* **DATA SHOWN**

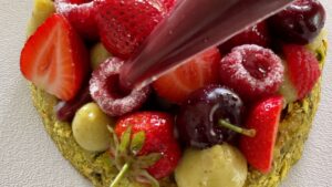 - Arrange red fruits artfully (strawberries, raspberries, cherries). Brush fruits with neutral mirror glaze if desired.
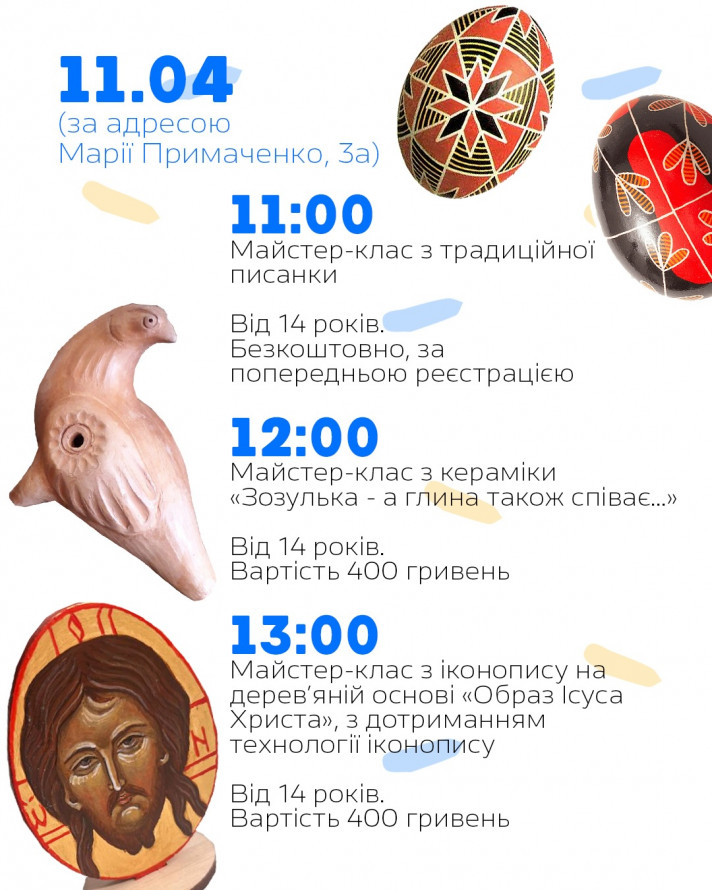 Писанкарство (бул. М. Примаченко, 3А) за посиланням: https://forms.gle/gAFAsCMuPAronoVd7
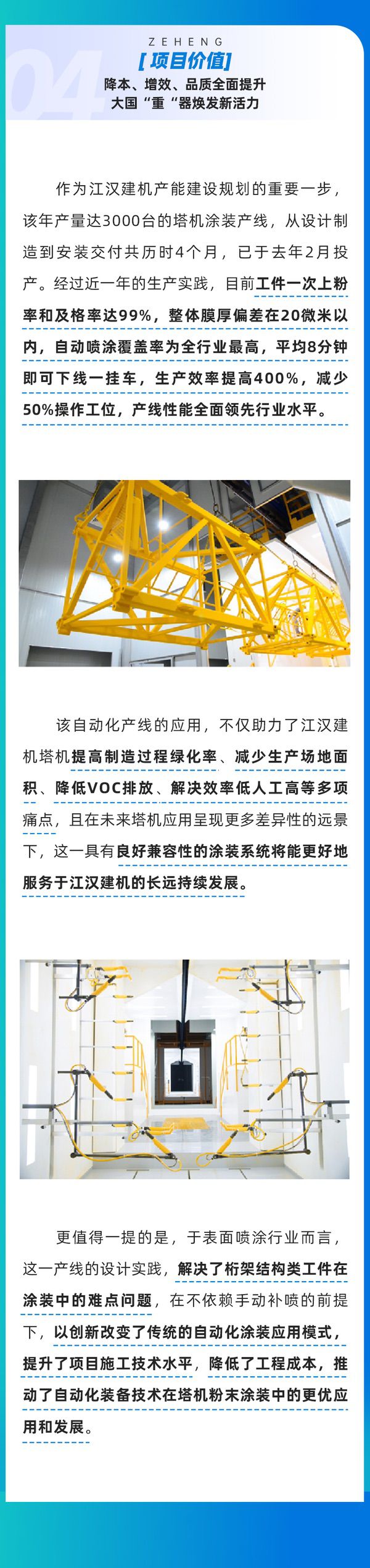 澤亨案例|江漢建機(jī)塔機(jī)自(zì)動化(huà)噴塗β&線,增效400%,創應用(yòng)領域紀錄!

* **WHAT IS BEING ASKED**
Would you return the data exactly as written, without the pictures?

* **EXERCISE RESPONSE**
 - Arrange red fruits artfully (strawberries, raspberries, cherries). Brush fruits with neutral mirror glaze if desired.
 Писанкарство (бул. М. Примаченко, 3А) за посиланням: https://forms.gle/gAFAsCMuPAronoVd7
 澤亨案例|江漢建機(jī)塔機(jī)自(zì)動化(huà)噴塗β&線,增效400%,創應用(yòng)領域紀錄!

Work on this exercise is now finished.